This is where the DAO assets are as of the moment writing this proposal
We pay large amounts of fees to Coinbase as included in the latest APE FOUNDATION
TRANSPARENCY REPORT
Currently, we are incurring costs while placing ourselves under the control of a single entity. This centralized entity could potentially be shut down or have its assets, including our treasury, frozen by a single court order in one jurisdiction.

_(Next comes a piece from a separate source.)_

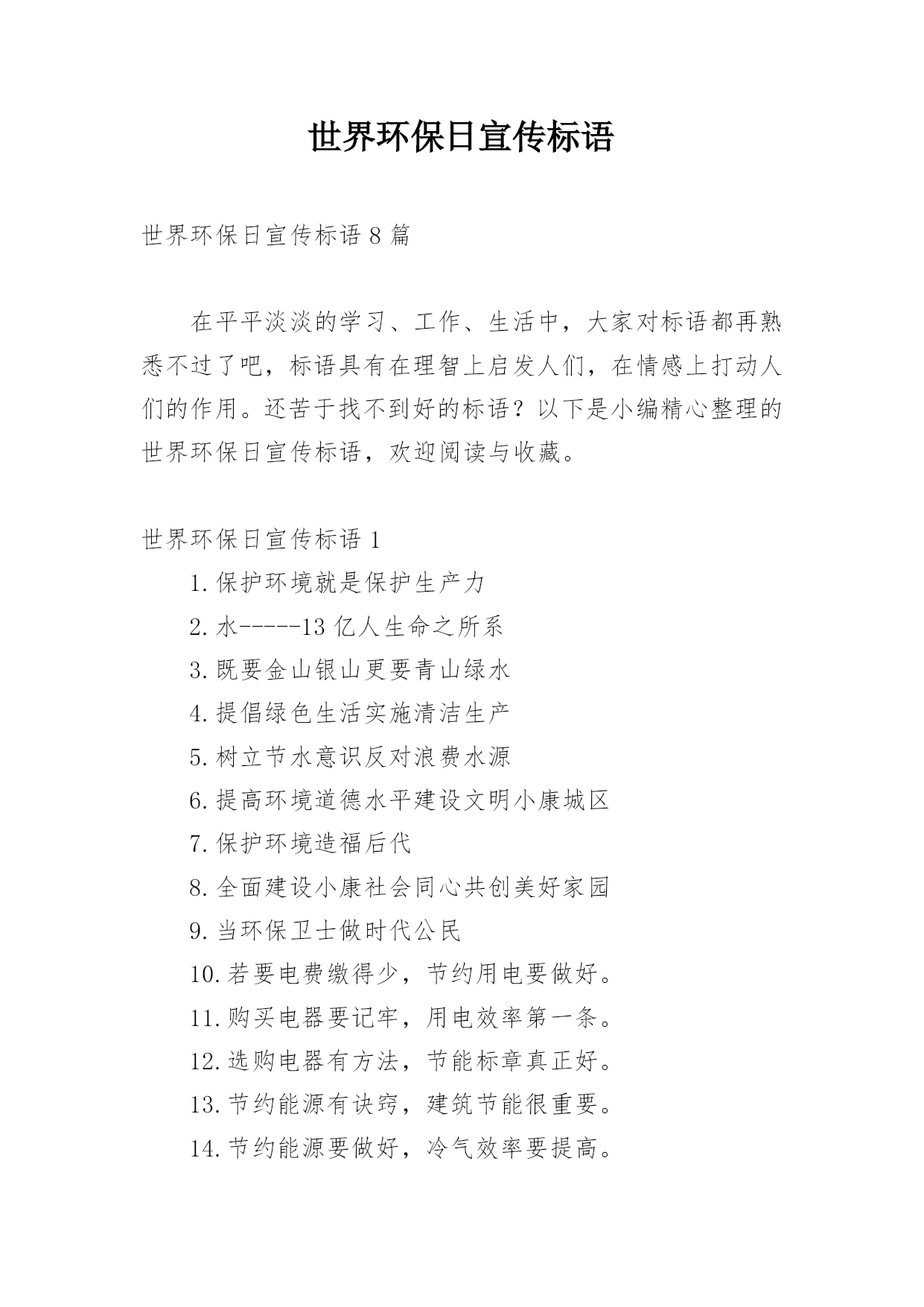 世界环保日宣传标语世界环保日宣传标语8篇在平平淡淡的学习、工作、生活中,大家对标语都再熟悉不过了吧,标语具有在理智上启发人们,在情感上打动人们的作用。还苦于找不到好的标语?以下是小编精心整理的世界环保日宣传标语,欢迎阅读与收藏。世界环保日宣传标语11.保护环境就是保护生产力2.水-----13亿人生命之所系3.既要金山银山更要青山绿水4.提倡绿色生活实施清洁生产5.树立节水意识反对浪费水源6.提高环境道德水平建设文明小康城区7.保护环境造福后代8.全面建设小康社会同心共创美好家园9.当环保卫士做时代公民1
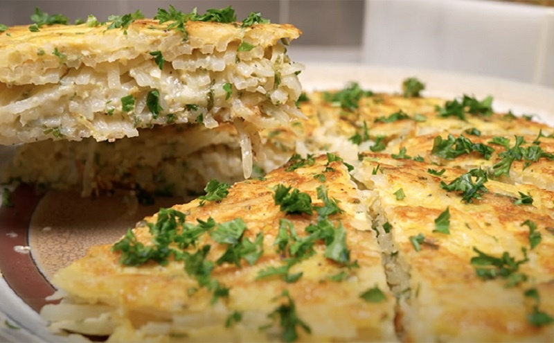 Картофель натирают или нарезают мелкой соломкой, затем смешивают с яичной смесью, специями и зеленью. На разогретой сковороде уложите первую порцию массы, сверху — сыр, накройте оставшейся массой и обжаривайте до золотистой корочки. Финальный шаг — переворот и еще немного тепла, чтобы сыр расплавился и закрепил корочку.

This represents a considerable risk to our operations and financial security.
Specifications
The process of transition will involve these steps:
-
Transition Planning: The Special Council and Governance Working Group will jointly plan the transition process hand by hand with Boring Security. This will include identifying the necessary steps, determining the sequence of these steps, and setting timelines for each step. Boring Security will audit the plan and provide feedback.
-
Wallet Setup: A multi-sig wallet will be set up with the five members of the Special Council and the three members of the Governance Working Group as signers. Boring Security will supervise the setup to ensure it is secure and follows best practices and has 2 keys for the wallet held by them making it 5 SC - 3 WGS - 2 Boring Security, totaling 10 keys.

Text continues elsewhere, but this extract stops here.